● **Required action**
Below are some entries. Transcribe the lines from the one holding "新豪轩门窗在产品品质、服务水" to the one holding "Optez pour ce", inclusive, but not the pictures among them.

● **Information**

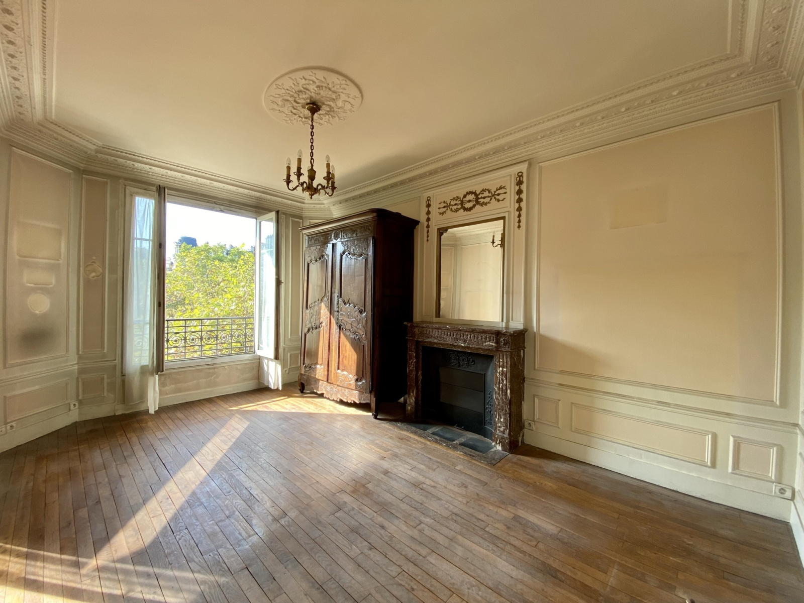 Place Félix Eboué. Immeuble pierre de taille, de standing en parfait état. 3ème étage avec ascenseur. Entrée en étoile, Double séjour de 31 m² exposé Sud. Cuisine indépendante, une chambre de 12 m², salle de bains, WC séparé. Double vitrage, Hauteur sous plafond: 2.80m, Parquet, Moulures et Cheminées.
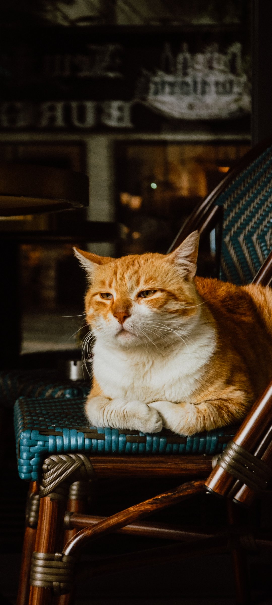 Wallpaper: cafe, cat - 1080x2400
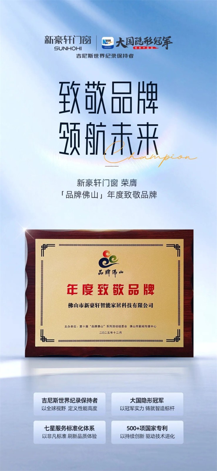 新豪轩门窗在产品品质、服务水平、技术革新、公益践行等维度均树立标杆,构建了行业领先的综合竞争力。此次荣膺“品牌佛山”年度致敬品牌,正是对品牌全域引领价值的高度认可。未来,新豪轩将继续以领航者之姿,推动行业迈向更高质量的发展新程。
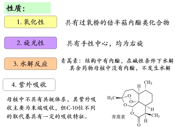 青蒿素类药物的分子具有过氧桥的倍半萜内酯化学结构特征,具有氧化性、旋光性、水解性、紫外吸收等理化性质。
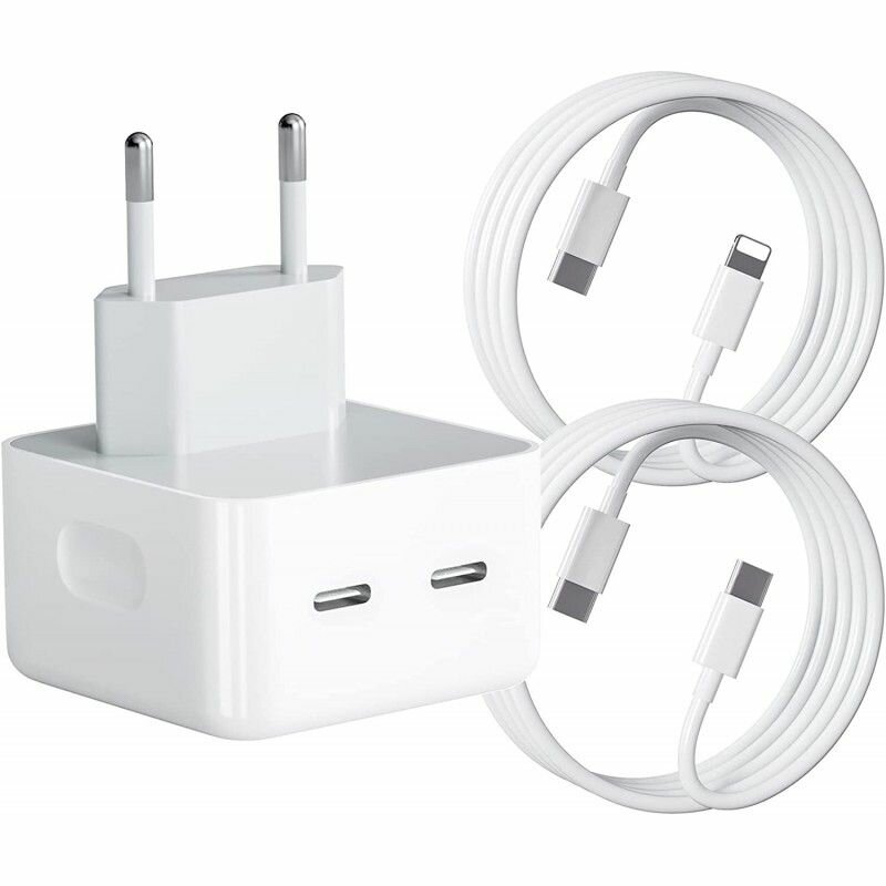 Optez pour ce chargeur puissant de 50W avec double port USB-C pour une charge rapide. Parfait pour iPhone 14 Pro Max et autres appareils compatibles. Inclut câble USB-C vers Lightning. Idéal pour la maison ou le bureau.
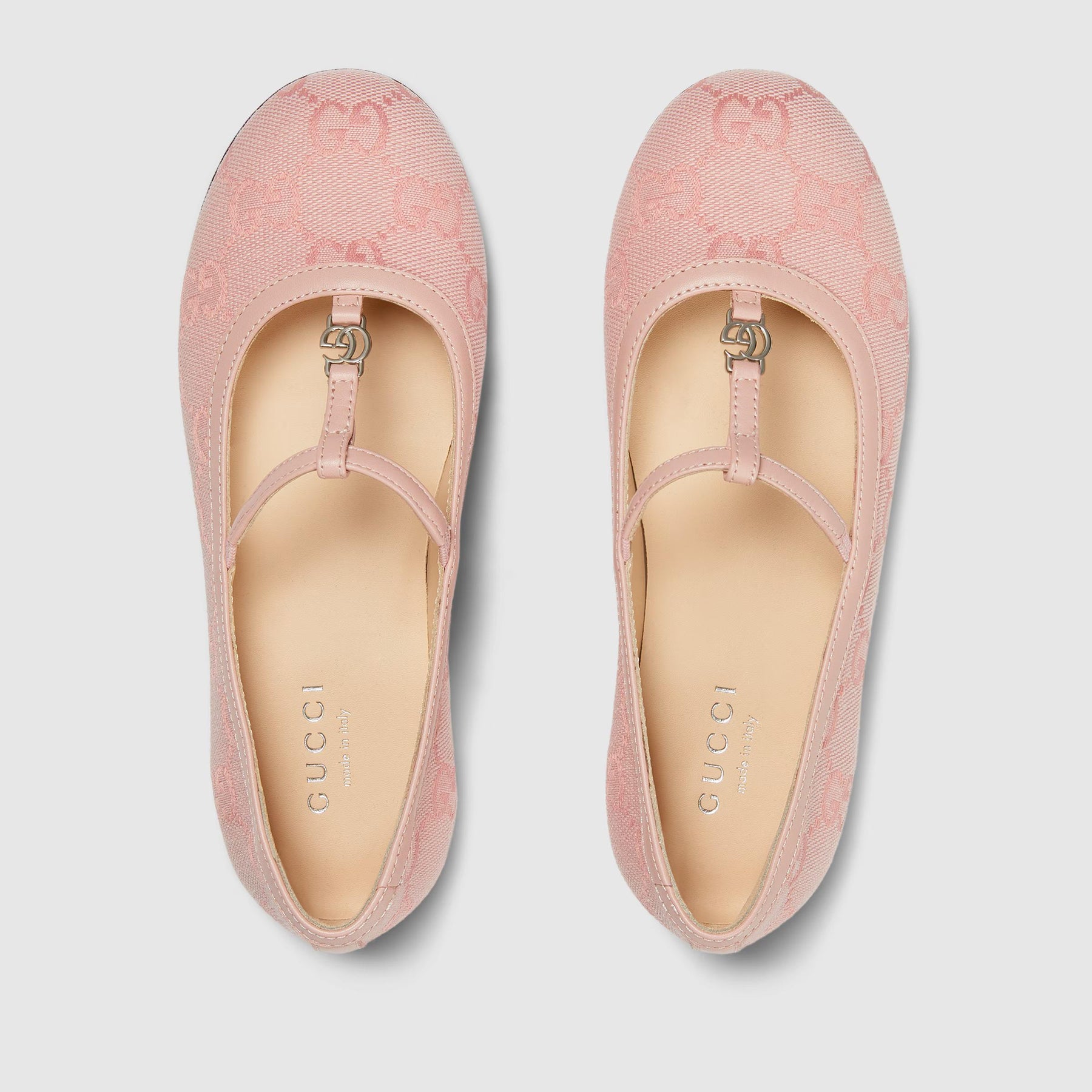 Ballerina con Doppia G GUCCI KIDS.Tessuto GG rosa,finiture in pelle rosa,finiture color argento.

● **Completed exercise**
 新豪轩门窗在产品品质、服务水平、技术革新、公益践行等维度均树立标杆,构建了行业领先的综合竞争力。此次荣膺“品牌佛山”年度致敬品牌,正是对品牌全域引领价值的高度认可。未来,新豪轩将继续以领航者之姿,推动行业迈向更高质量的发展新程。
 青蒿素类药物的分子具有过氧桥的倍半萜内酯化学结构特征,具有氧化性、旋光性、水解性、紫外吸收等理化性质。
 Optez pour ce chargeur puissant de 50W avec double port USB-C pour une charge rapide. Parfait pour iPhone 14 Pro Max et autres appareils compatibles. Inclut câble USB-C vers Lightning. Idéal pour la maison ou le bureau.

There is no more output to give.